Zone of inhibition (ZOI) was measured using the following protocol. Hydrogels loaded with cefazolin or doxycycline were punched into discs of 9 mm diameter. As mentioned in the MIC study, S. aureus and E. coli were cultured in MH broth to reach an absorbance of 0.09 and 0.14, respectively. They were then spread end-to-end on MH agar plates using a cotton swab in three different directions. Following this, the hydrogel disks containing the antimicrobial and 2% w/v polysaccharide were positioned on the agar plates and incubated for 24 h at 36 °C. A similar set up was used for the control disks. The ZOI was measured as the distance from the disc where no bacterial growth was observed.
3. Results
3.1. Transparency of Blended Hydrogel is Independent of Formulation
In the agarose networks, the opacity originates from the scattering of light by the crosslinking points [25]. Therefore, differences in the density, shape, and size of the crosslinking points will affect the opacity of the resulting hydrogel network. Based on our previous work, we hypothesized that by reducing the crosslinking density via the introduction of CA, the transparency of the hydrogel blend could be enhanced [26]. We observed similar absorbance patterns in NA and NA75CA25 samples. However, in the 1:1 NA-to-CA ratio (NA50CA50) a lower absorbance in the red wavelength was observed (Figure 2A). This translated into a hydrogel that was more transparent than the other dressings formulated with a higher content of NA (Figure 2B). This suggests that increasing the proportion of CA, increased the transparency of the hydrogel and that the NA50CA50 formulation is better suited for the manufacturing of transparent wound dressings. It should be noted that above ~60% CA content, the crosslinking between polysaccharide chains was weakened to a point where the hydrogel could not maintain a rigid shape under its own weight when handled and therefore >50% CA content was not considered.
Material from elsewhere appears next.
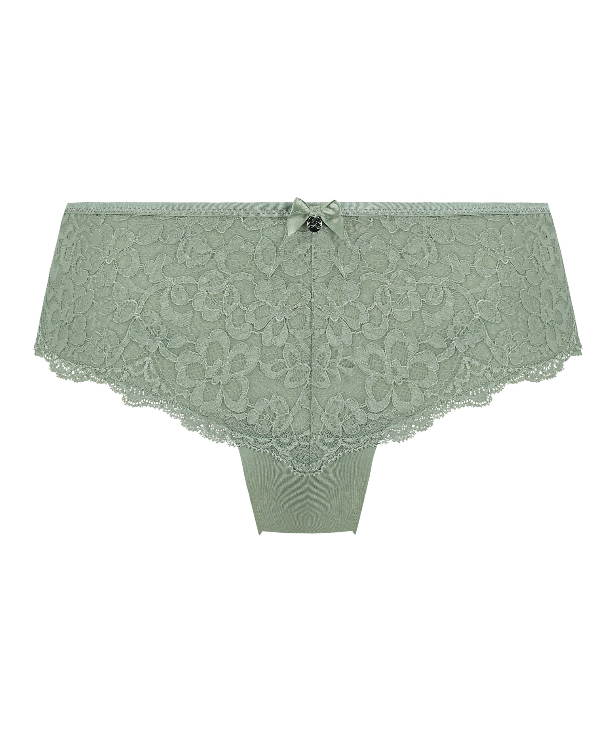 These Brazilian knickers are finished with all-over lace for a super sexy look. A small bow in the middle adds a finishing touch. Combine with the matching bra for a complete look.

3.2. Carboxylated Agarose Retards Water Evaporation from Hydrogels
Wounds are associated with an inflammatory response from the body, which can cause a warm sensation. Hydrogels, due to their high-water content, are particularly well suited to provide a local cooling effect due to the high heat capacity of water. Since water evaporation is an endothermic phenomenon, as the water evaporates, the area under the hydrogel is cooled down, leading to a cooling sensation. To assess the potential cooling effect of the hydrogel, we measured the evaporation rate of water of the three hydrogel formulations (NA, NA75CA25, and NA50CA50) by measuring the weight loss over 12 h at 50% humidity. Results indicated that increasing the concentration of CA in the hydrogel formulation resulted in a slower evaporation rate (Figure 3). By replacing 50 wt.% of NA with CA in the polysaccharide composition, we observed a 24.6% drop in the rate of evaporation in 3 mm thick gel samples. The NA samples showed an evaporation rate of 10.0, the NA75CA25 of 9.2, and the NA50CA50 of 7.5 mg/cm2/hour. This change in evaporation rate could originate from the increased number of potential hydrogen bonds in the CA hydrogel through the introduction of carboxylic acid functional groups. The carboxylic acid functional groups could form hydrogen bonds with the surrounding free water, thus reducing the evaporation rate [27]. While a higher cooling rate is favorable to provide a higher cooling effect, a slower evaporation could maintain the cooling effect for a longer time. For a wound dressing application, a prolonged cooling effect could be beneficial to extend the use of the dressing.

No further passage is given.